Now that we’ve gotten rid of the missing values that weren’t numbers in the table, we can change the missing values that we kept back to a form Minitab recognizes.

  1. Choose Calc > Calculator.
  2. In Store result in variable, enter C5.
  3. In Expression, enter If(c4 = 99999999, ‘*’, c4).
  4. Click OK.

Recode the data

For analysis, we want one row for each hospital. To do this, we’ll create a table in the worksheet that shows how to identify the variables for analysis, then unstack the variables.

Because we kept the missing values from the table, every hospital has 9 variables. We make a table in the worksheet that shows the numbers 1 to 9 and a name for each variable:

A table with number codes and labels that you want for the variables.

To associate the variable names with all 1,944 rows of data, we’ll make patterned data.

  1. Choose Calc > Make Patterned Data > Simple Set of Numbers.
  2. In Store patterned data in, enter C8.
  3. In From first value, enter 1.
  4. In To last value, enter 9.
  5. In Number of times to list sequence, enter 216.
  6. Click OK.

To convert the number codes to the text variable descriptions, we’ll recode the data.

  1. Choose Data > Code > Use Conversion Table.
  2. In Code values in the following column, enter C8.
  3. In Current values, enter C6.
  4. In Coded values, enter C7.
  5. Click OK.

Now that you have a column that says which number belongs to each variable, unstack the data.

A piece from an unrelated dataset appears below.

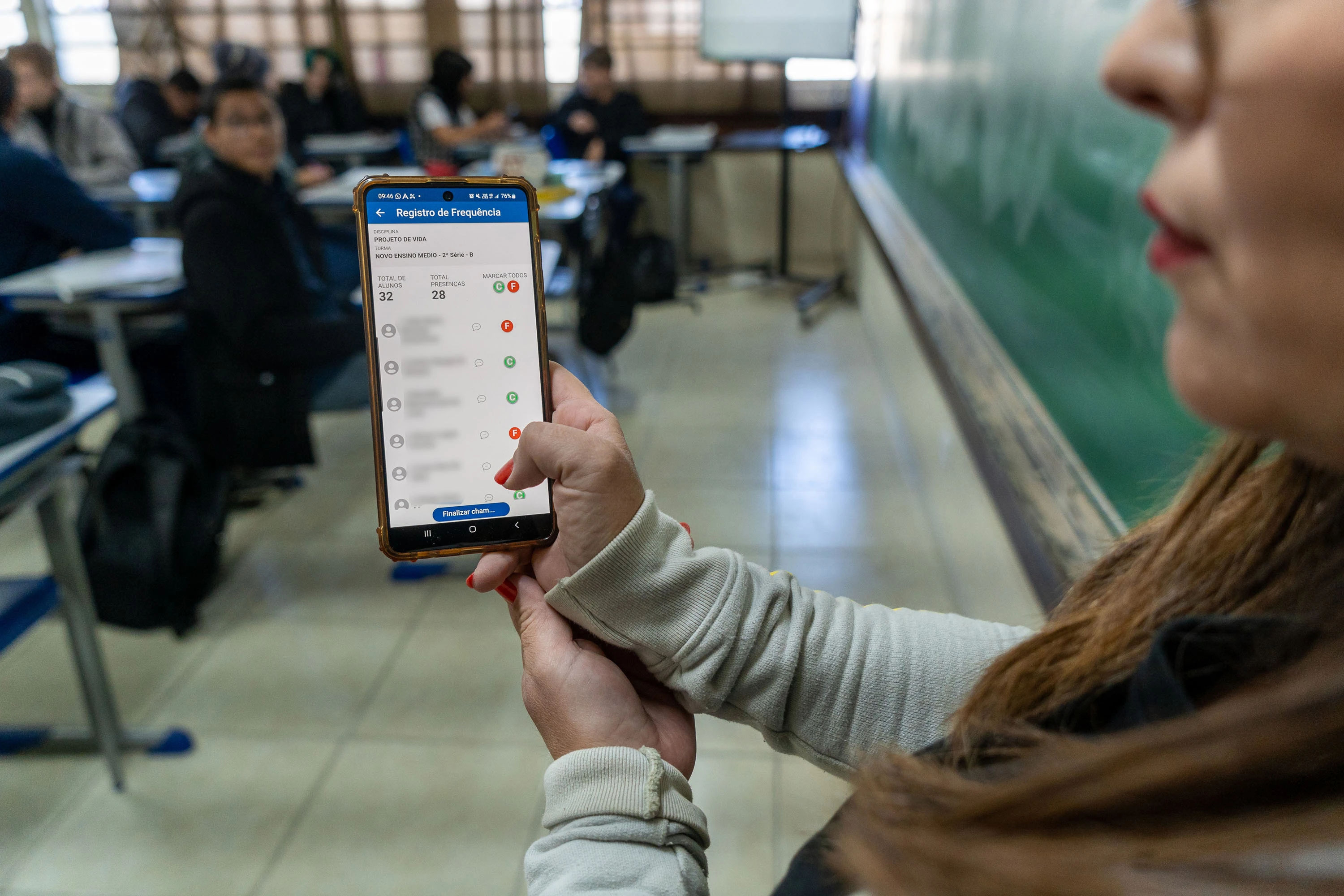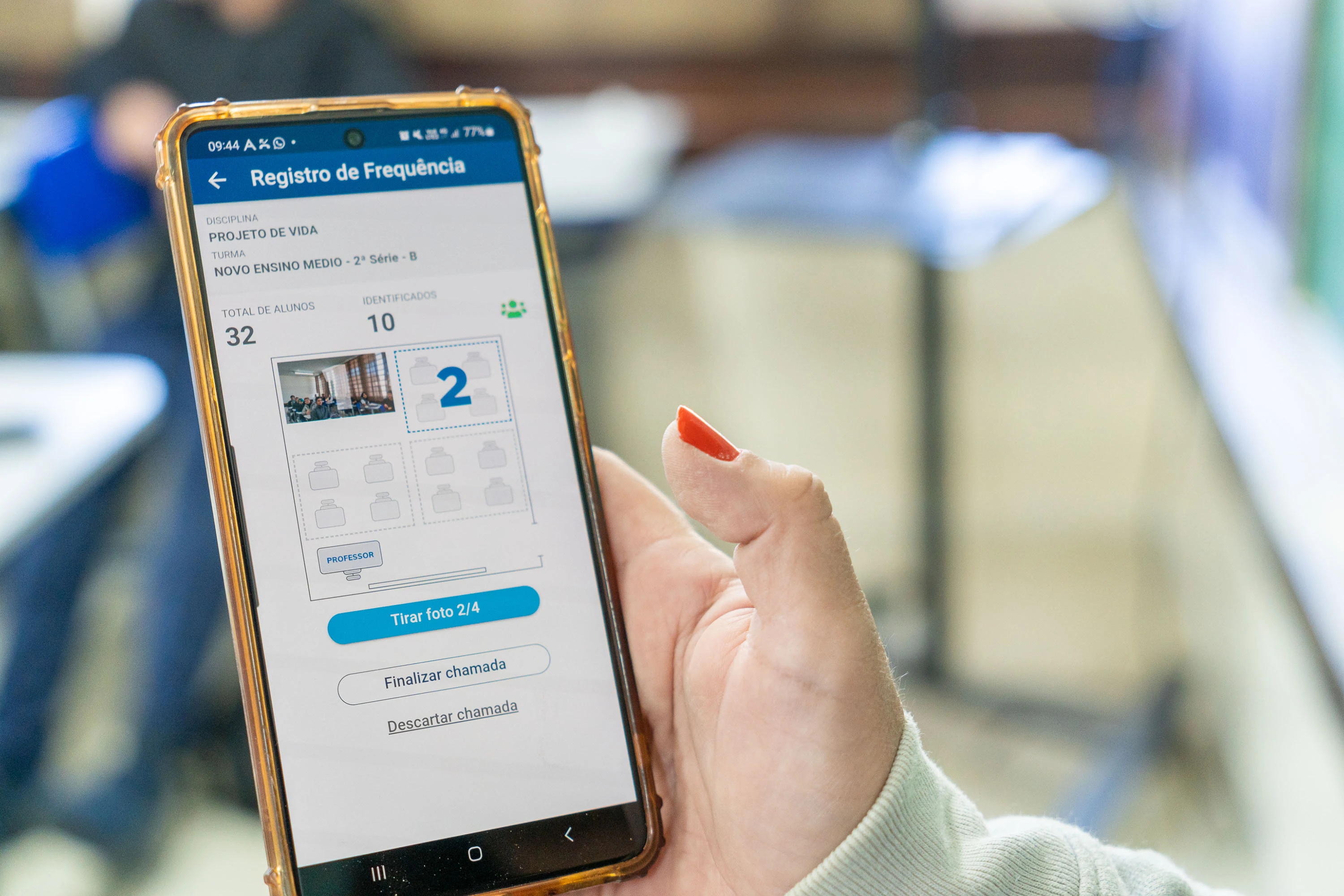 Novidade implementada neste ano na rede estadual de ensino, a chamada por reconhecimento facial chegou a 1.667 colégios em maio. A nova solução possibilita que os professores façam a chamada usando o celular, que reconhece os estudantes por biometria facial, agilizando um processo até então muito manual: a famosa lista de chamada no começo das aulas. Essas imagens não ficam armazenadas no dispositivo ou com os docentes, garantindo direito à privacidade das crianças.

  1. Choose Data > Unstack Columns.
  2. In Unstack the data in, enter C5.
  3. In Using subscripts in, enter C9.
  4. Click OK.

Now, you have a new worksheet where each hospital is identified by its unique CCN and the variables are the proportions of pneumonia patients who got each treatment from that hospital.

Once the data are in a traditional format for analysis, you can start to get the answers that you want quickly. For example a Laney P’ chart might suggest whether some hospitals had a higher proportion of unvaccinated pneumonia patients than you would expect from the variation in the data.

8 facilities have higher proportions for the year than you would expect from a random sample from a stable process.

Fortunately, being able to change data types, remove missing values, and recode data lets you get data ready to analyze in Minitab as fast as possible. That way, you’re ready to give the answers that your fearless data analysis justifies.